Beau lines - Nail and Distal Digit
Alerts and Notices
SynopsisBeau lines are transverse depressions in the nail plate that are sometimes seen to be parallel to the shape of the lunula. Beau lines are common and nonspecific nail changes. They result from a sudden interruption of nail keratin synthesis and grow distally with the nail plate. They can vary with the width or depth of the depression, reflecting the duration or extent of the damage, respectively. As the nail plate grows distally, the Beau lines disappear.
Beau lines can be caused by trauma or local disease involving the nail fold, such as manicuring or paronychia, respectively. They may also result from metabolic or inflammatory influences, both local and systemic. When Beau lines are present in all nails at a similar location on the nail plate, there is likely to be a systemic cause, such as myocardial infarction, pemphigus vulgaris, Raynaud phenomenon, or rheumatic fever. As a drug effect, they are most commonly seen with chemotherapeutic agents. In immunosuppressed patients, they may be due to decreased nutrition from gastrointestinal disease or drugs.

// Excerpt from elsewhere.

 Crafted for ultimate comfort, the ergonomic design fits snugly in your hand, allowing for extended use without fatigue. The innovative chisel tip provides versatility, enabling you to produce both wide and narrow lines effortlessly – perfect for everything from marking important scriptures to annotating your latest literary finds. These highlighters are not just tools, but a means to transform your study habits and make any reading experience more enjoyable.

In children, hand-foot-and-mouth-disease is a common cause of Beau lines.
Onychomadesis is a complete halt in nail plate production and is a severe form of Beau lines.
L60.4 – Beau's lines
44087005 – Beau's lines
Differential Diagnosis & Pitfalls
- Muehrcke lines – Paired white transverse bands resulting from hypoalbuminemia, liver disease, malnutrition, chemotherapy, or human immunodeficiency virus (HIV) infection.
- Habit tic deformity – Parallel transverse grooves.
- Mees' lines – Transverse white bands resulting from arsenic poisoning, infections, systemic lupus erythematosus, acute renal failure, heart failure, chemotherapy, or ulcerative colitis.
- Half and half nails – White band proximally and a red-brown band distally, resulting from chronic renal disease, Kawasaki disease, liver and gastrointestinal diseases, zinc deficiency, and chemotherapy.
- Terry nails – A white band involving more than 80% of the total nail length, resulting from hepatic cirrhosis, heart failure, diabetes mellitus, and infections.
- Dermatitis of the nail folds
- Contact dermatitis
- Proximal subungual onychomycosis
Drug Reaction DataBelow is a list of drugs with literature evidence indicating an adverse association with this diagnosis. The list is continually updated through ongoing research and new medication approvals. Click on Citations to sort by number of citations or click on Medication to sort the medications alphabetically.
Patient Information for Beau lines - Nail and Distal Digit
OverviewBeau's lines are horizontal (transverse) depressions in the nail plate that run parallel to the shape of the white, moon-shaped portion of the nail bed (lunula) seen at the nail's origin. They result from a sudden interruption of nail keratin synthesis and grow distally with the nail plate. As the nail grows, the Beau's lines can disappear.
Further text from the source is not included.